Let $\phi$ entire and such that $|\phi(0)|=1$. I am wondering if it is true that the function $\Phi$ given by $\Phi(t)=|\phi(t)|^2$ is real differentiable in some interval of the form $(p, q)$, where $p<q\in\Bbb R$ (maybe in $(0, +\infty)$ or $(1,+\infty)$?). Is that true of false?
If it is false, could you give me a counterexample please?
If it is false, could you tell me what is $\Phi'(t)$ please?
(I am looking for $\phi$ among those with "moderate growth" but I can't find a counterexample)

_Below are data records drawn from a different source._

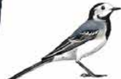
Bergeronnette grise Motacilla alba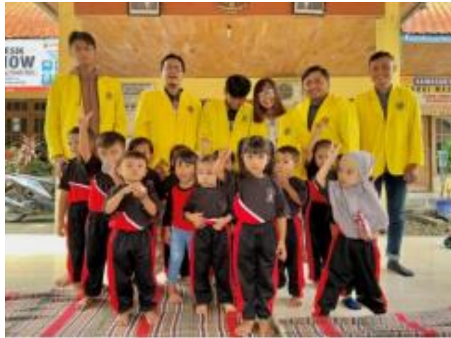
Gambar 7. Foto Bersama Paud Pelangi Wedoroanom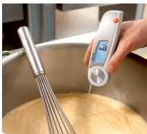
Misura della temperatura nell'impasto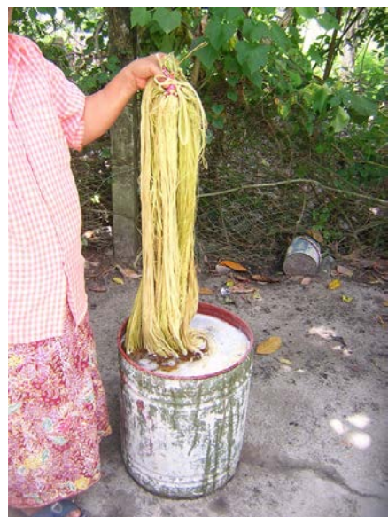
ภาพที่ ๑๒ แช่น้ำอีกครั้งเพื่อให้เส้นลานั้นมีความขาว

If $\phi$ is holomorphic on $\mathbb{C}$ (and hence, in particular, smooth on $\mathbb{R}^2$), then $\overline{\phi}$ is antiholomorphic on $\mathbb{C}$ (and hence, in particular, smooth on $\mathbb{R}^2$), so that $\Phi = \lvert \phi \rvert^2 = \phi \overline{\phi}$ is the product of two smooth functions on $\mathbb{R}^2$, and hence itself smooth on $\mathbb{R}^2$. In particular, since $$ \frac{\partial}{\partial x} = \frac{\partial}{\partial z} + \frac{\partial}{\partial \bar{z}}, \quad \frac{\partial}{\partial y} = i\left(\frac{\partial}{\partial z} - \frac{\partial}{\partial \bar{z}}\right), $$ and since $$ \frac{\partial\phi}{\partial z} = \phi^\prime, \quad \frac{\partial\phi}{\partial\bar{z}} = 0, \quad \frac{\partial\bar{\phi}}{\partial z} = \overline{\frac{\partial\phi}{\partial\bar{z}}} = 0, \quad \frac{\partial \bar{\phi}}{\partial \bar{z}} = \overline{\frac{\partial\phi}{\partial z}} = \overline{\phi^\prime}, $$ it follows that $$ \frac{\partial \phi}{\partial x} = \phi^\prime, \quad \frac{\partial\phi}{\partial y} = i\phi^\prime, \quad \frac{\partial\bar{\phi}}{\partial x} = \overline{\phi^\prime}, \quad \frac{\partial\bar{\phi}}{\partial y} = -i\overline{\phi^\prime}, $$ and hence that $$ \frac{\partial\Phi}{\partial x} = \phi^\prime\bar{\phi}+\phi\overline{\phi^\prime}, \quad \frac{\partial\Phi}{\partial y} = i\left(\phi^\prime\bar{\phi}-\phi\overline{\phi^\prime} \right), $$ where $\frac{\partial\Phi}{\partial x}$ is the derivative you want.